If we would know whether the Bible sanctions slavery, we must determine what slavery is. A constituent element, is one thing; a relation, another; an appendage, another. Relations and appendages presuppose other things to which they belong. To regard them as the things themselves, or as constituent parts of them, leads to endless fallacies. A great variety of conditions, relations, and tenures, indispensable to the social state, are confounded with slavery; and thus slaveholding becomes quite harmless, if not virtuous. We will specify some of these.

1. Privation of suffrage. Then minors are slaves.

2. Ineligibility to office. Then females are slaves.

3. Taxation without representation. Then slaveholders in the District of Columbia are slaves.

4. Privation of one's oath in law. Then disbelievers in a future retribution are slaves.

5. Privation of trial by jury. Then all in France and Germany are slaves.

6. Being required to support a particular religion. Then the people of England are slaves. [To the preceding may be added all other disabilities, merely political.]

7. Cruelty and oppression. Wives, children, and hired domestics are often oppressed; but these forms of cruelty are not slavery.

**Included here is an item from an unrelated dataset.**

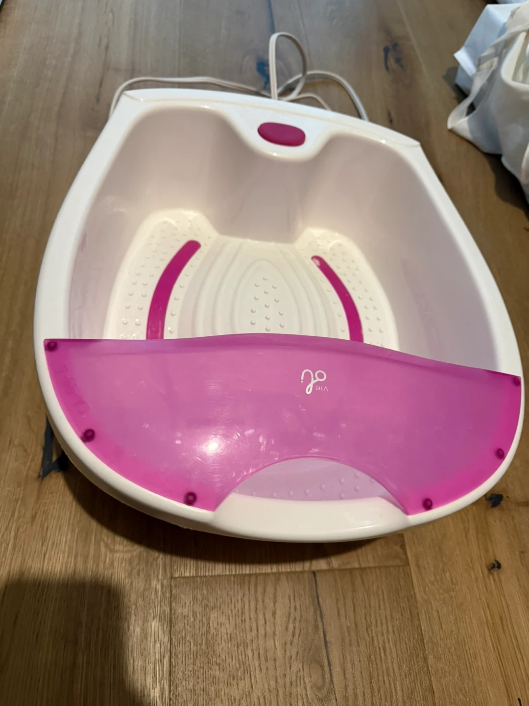 Electric foot spa bath with a pink and white design. relaxing foot soak experience. This spa is designed to soothe tired feet after a long day.
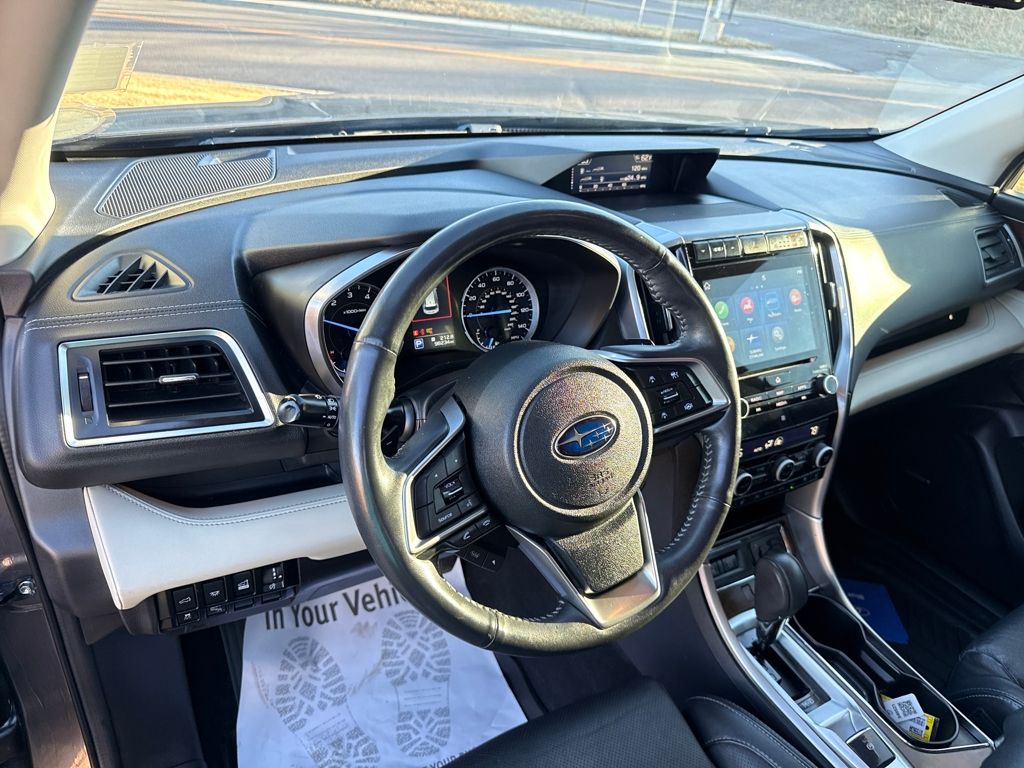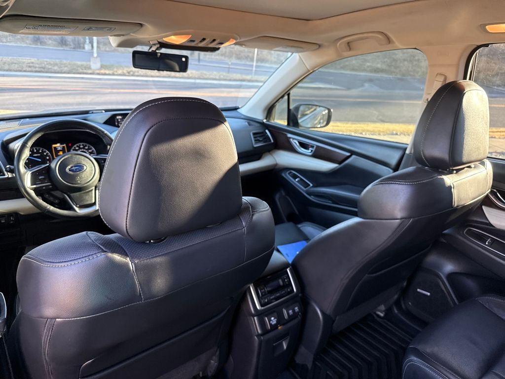 Standard Model w/Slate Black Interior, Subaru Certified, 14 Speakers, 3rd row seats: bench, 3rd Row Sunshade, 4-Wheel Disc Brakes, ABS brakes, Aero Crossbar Set, Air Conditioning, All-Weather Floor Liners, Alloy wheels, AM/FM radio: SiriusXM, Auto High-beam Headlights, Auto-Dimming Exterior Mirror w/Approach Light, Auto-dimming Rear-View mirror, Automatic temperature control, Axle Ratio: 4.44, Brake assist, Bumpers: body-color, Cargo Net, Cargo Tray, CD player, Compass, Cup Holder Insert, Delay-off headlights, Driver door bin, Driver vanity mirror, Dual front impact airbags, Dual front side impact airbags, Electronic Stability Control, Emergency communication system: STARLINK Safety and Security (Subscription Required), Exterior Parking Camera Rear, Four wheel independent suspension, Front anti-roll bar, Front Bucket Seats, Front Center Armrest, Front dual zone A/C, Front fog lights, Front reading lights, Fully automatic headlights, Garage door transmitter: HomeLink, harman/kardon® Speakers, Heated & Ventilated Front Bucket Seats, Heated door mirrors, Heated front seats, Heated rear seats, Heated steering wheel, Illuminated entry, Knee airbag, Low tire pressure warning, Memory seat, Navigation System, Occupant sensing airbag, Outside temperature display, Overhead airbag, Overhead console, Panic alarm, Passenger door bin, Passenger vanity mirror, Perforated Leather-Trimmed Upholstery, Power door mirrors, Power driver seat, Power Liftgate, Power moonroof, Power passenger seat, Power steering, Power windows, Radio data system, Radio: Subaru STARLINK 8.0" Multimedia Nav System, Rain sensing wipers, Rear air conditioning, Rear anti-roll bar, Rear Bumper Cover, Rear reading lights, Rear window defroster, Rear window wiper, Reclining 3rd row seat, Remote keyless entry, Security system, Speed control, Split folding rear seat, Spoiler, STARLINK/Apple CarPlay/Android Auto, Steering wheel mounted audio controls, Tachometer, Telescoping steering wheel, Tilt steering wheel, Traction control, Trip computer, Turn signal indicator mirrors, Variably intermittent wipers, Ventilated front seats, Wheels: 20" x 7.5 J Dk Gray Alloy w/Machine Finish, and Windshield Sunshade.

8. Apprenticeship. The rights and duties of master and apprentice are correlative and reciprocal. The claim of each upon the other results from his obligation to the other. Apprenticeship is based on the principle of equivalent for value received. The rights of the apprentice are secured, equally with those of the master. Indeed, while the law is just to the master, it is benevolent to the apprentice. Its main design is rather to benefit the apprentice than the master. It promotes the interests of the former, while in doing it, it guards from injury those of the latter. To the master it secures a mere legal compensation—to the apprentice, both a legal compensation and a virtual gratuity in addition, he being of the two the greatest gainer. The law not only recognizes the right of the apprentice to a reward for his labor, but appoints the wages, and enforces the payment. The master's claim covers only the services of the apprentice. The apprentice's claim covers equally the services of the master. Neither can hold the other as property; but each holds property in the services of the other, and BOTH EQUALLY. Is this slavery?